Ms. Russell shared the results of two questions related to digital deposit of federal electronic publications, based on 987 responses to the biennial survey. There are approximately 1250 libraries in the program, so at least 261 libraries have not yet been heard from. By law, all depository libraries must complete this survey, so I expect full results later this spring.

On to the questions themselves and their results. Question 65 was related to current depository efforts at local collection of federal electronic publications. Currently there is no distribution mechanism, so depositories have to actively gather and store materials.

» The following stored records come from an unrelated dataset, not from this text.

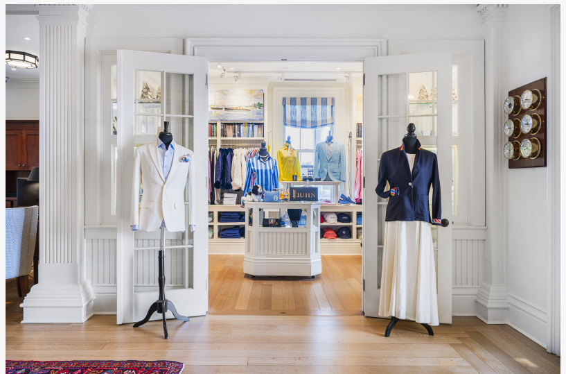
JHuhn Lifestyle Boutique at Ocean House.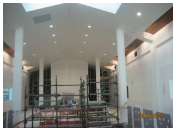
Atrium Extension – construction progressing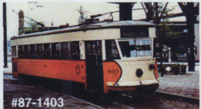
Queensborough Bridge Streetcar Coming soon ...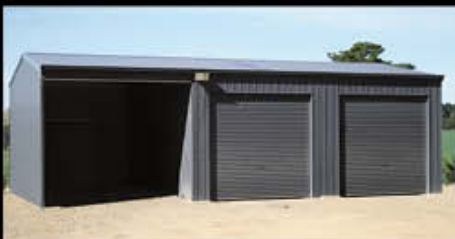
19) Farm Shed with One Open & Two Enclosed Bays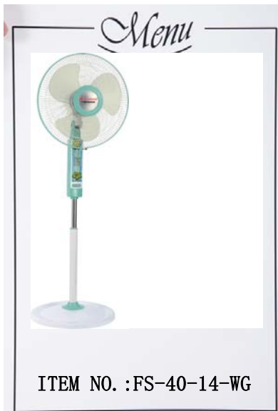
16inch Stand fan

Motor size:66*66*14 Voltage/Frequency:AC 110~240V/50~60Hz Blades material:3/4 Blades (PP/ABS) Switch:3 Speed Blade holder: RPM/Min:1200/1100/1000

65: My library systematically downloads, stores online publications identified from GPO Access or through GPO-created PURLS, and makes them accessible to the general public from local servers. This past year my library downloaded the following number of digital publication files (this does not include shipping lists, Web pages, or datasets):
0 = 823 libraries
1-25 = 90
26-100 = 25
101-500 = 26
501-1000 = 7
1001-5000 = 11
More than 5000 = 4

Even in the absence of a distribution system for federal electronic publications from GPO, 163 libraries are storing local copies of federal pubs. Based on a depository community of 1,250 libraries, this represents 13% of all depository libraries. One in ten libraries are already doing more than what GPO is asking of them.

The other “digital deposit” question asked libraries how many digital documents they might be willing to store and serve locally, if GPO provided them. No distribution mechanism was proposed.

66. My library is willing to receive Federal digital publication files on deposit from GPO, store them, and make the accessible to the general public from local servers. My library is willing to receive the following number of digital publication files per year (this does not include shipping lists, Web pages, or databases):
0 = 652 libraries
1-25 = 176
26-100 = 56
101-500 = 41
501-1000 = 26
1001-5000 = 14
More than 5000 = 21

This question tells me that 334 libraries are willing to at least make a trial of storing and serving electronic materials locally. These libraries represent more than a quarter of the depository community. Surely this should be a call to establish a formal deposit system for electronic publications for depositories to try.

Even without a formal digital deposit proposal, over a hundred libraries are willing to store and serve more than 100 documents per year. Even if these hundred libraries are the only ones to step forward, that’s a far higher level of backup and redundancy than the current system has. I believe that’s worth GPO committing to a system of local, distributed system of electronic deposit such as the one described in Government Information in the Digital Age: The Once and Future Federal Depository Library Program, today.

CC BY-NC-SA 4.0 This work is licensed under a Creative Commons Attribution-NonCommercial-ShareAlike 4.0 International License.


1 Comment

  1. These are indeed positive results. I wonder if the results of #65 are only those libraries with an official policy of download or if it includes those librarians who download documents to their own hard-drives, or those that download and then print documents out — most likely on the QT and not as an official policy of their institution. The long and short of it is that with so many libraries willing to explore the possibility of digital deposit (I guess our unscientific poll was pretty close to the mark!), GPO should be working to make sure they are able to do just that. We’ve always said that the fdsys is not a bad idea, just that it shouldn’t be the ONLY game in town.